*Task directions:* Line filter on the word "with": copy each matching line from the entries.

*Records for processing:*
╭──
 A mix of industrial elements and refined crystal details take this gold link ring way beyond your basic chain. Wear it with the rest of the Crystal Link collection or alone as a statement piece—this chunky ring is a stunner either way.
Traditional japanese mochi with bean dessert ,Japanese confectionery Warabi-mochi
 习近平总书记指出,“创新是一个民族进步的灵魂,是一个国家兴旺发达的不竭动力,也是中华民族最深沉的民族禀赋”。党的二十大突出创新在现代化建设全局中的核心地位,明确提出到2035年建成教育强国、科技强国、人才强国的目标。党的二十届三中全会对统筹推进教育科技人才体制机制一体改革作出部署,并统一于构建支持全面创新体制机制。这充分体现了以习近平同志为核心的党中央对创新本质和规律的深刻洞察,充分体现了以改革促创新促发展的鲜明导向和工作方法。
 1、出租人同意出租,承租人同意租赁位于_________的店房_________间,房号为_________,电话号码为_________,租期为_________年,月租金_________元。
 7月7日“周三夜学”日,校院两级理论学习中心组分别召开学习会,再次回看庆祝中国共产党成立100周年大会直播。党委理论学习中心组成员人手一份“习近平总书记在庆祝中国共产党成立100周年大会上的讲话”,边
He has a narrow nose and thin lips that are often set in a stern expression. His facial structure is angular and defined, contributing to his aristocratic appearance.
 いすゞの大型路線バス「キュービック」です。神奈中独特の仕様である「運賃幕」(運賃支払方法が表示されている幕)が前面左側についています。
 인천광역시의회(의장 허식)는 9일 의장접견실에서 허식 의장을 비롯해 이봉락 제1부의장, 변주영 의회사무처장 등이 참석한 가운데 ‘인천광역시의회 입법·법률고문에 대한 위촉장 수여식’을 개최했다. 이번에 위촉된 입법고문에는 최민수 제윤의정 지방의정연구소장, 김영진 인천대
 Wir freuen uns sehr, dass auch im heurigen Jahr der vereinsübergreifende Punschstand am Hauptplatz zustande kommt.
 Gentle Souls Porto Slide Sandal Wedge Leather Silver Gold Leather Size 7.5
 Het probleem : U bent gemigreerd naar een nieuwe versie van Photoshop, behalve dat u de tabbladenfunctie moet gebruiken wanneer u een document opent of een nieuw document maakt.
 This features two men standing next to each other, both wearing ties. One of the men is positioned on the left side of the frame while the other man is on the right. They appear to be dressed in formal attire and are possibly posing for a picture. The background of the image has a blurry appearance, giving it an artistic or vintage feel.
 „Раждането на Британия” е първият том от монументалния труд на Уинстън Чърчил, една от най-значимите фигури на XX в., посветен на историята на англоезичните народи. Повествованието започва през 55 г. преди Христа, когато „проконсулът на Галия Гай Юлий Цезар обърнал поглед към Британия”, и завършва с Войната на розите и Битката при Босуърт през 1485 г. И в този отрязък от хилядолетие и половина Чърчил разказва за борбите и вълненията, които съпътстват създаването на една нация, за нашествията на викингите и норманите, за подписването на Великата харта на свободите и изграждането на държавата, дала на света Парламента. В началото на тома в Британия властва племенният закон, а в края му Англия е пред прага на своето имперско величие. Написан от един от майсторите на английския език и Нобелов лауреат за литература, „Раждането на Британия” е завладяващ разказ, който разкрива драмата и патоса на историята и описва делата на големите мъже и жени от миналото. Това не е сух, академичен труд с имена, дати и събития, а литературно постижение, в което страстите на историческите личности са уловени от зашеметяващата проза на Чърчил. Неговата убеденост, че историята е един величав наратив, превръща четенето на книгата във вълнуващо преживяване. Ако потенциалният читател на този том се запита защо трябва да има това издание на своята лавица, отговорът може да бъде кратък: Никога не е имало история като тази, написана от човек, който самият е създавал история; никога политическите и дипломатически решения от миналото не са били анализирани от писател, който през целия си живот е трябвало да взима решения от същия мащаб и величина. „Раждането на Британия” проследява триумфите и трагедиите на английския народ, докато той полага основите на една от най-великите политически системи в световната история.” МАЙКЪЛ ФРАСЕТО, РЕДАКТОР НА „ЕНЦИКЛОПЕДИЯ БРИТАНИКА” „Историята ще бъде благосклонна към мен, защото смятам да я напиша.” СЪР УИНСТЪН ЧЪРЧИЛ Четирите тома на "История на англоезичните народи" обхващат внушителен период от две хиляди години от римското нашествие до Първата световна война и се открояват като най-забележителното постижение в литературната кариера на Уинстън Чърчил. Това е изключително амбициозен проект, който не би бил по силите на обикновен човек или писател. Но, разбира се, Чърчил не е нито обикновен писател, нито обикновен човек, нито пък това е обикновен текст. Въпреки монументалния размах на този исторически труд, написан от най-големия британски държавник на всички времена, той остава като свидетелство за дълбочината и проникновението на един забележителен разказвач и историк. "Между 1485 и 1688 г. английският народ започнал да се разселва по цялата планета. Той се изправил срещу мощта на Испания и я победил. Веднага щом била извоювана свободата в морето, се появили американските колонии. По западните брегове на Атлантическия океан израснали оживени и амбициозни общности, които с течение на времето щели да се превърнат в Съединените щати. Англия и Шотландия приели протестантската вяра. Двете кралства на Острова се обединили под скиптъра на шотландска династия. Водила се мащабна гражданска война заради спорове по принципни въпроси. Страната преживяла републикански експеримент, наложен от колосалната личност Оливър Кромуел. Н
╰──
*Exercise solution:*
 A mix of industrial elements and refined crystal details take this gold link ring way beyond your basic chain. Wear it with the rest of the Crystal Link collection or alone as a statement piece—this chunky ring is a stunner either way.
Traditional japanese mochi with bean dessert ,Japanese confectionery Warabi-mochi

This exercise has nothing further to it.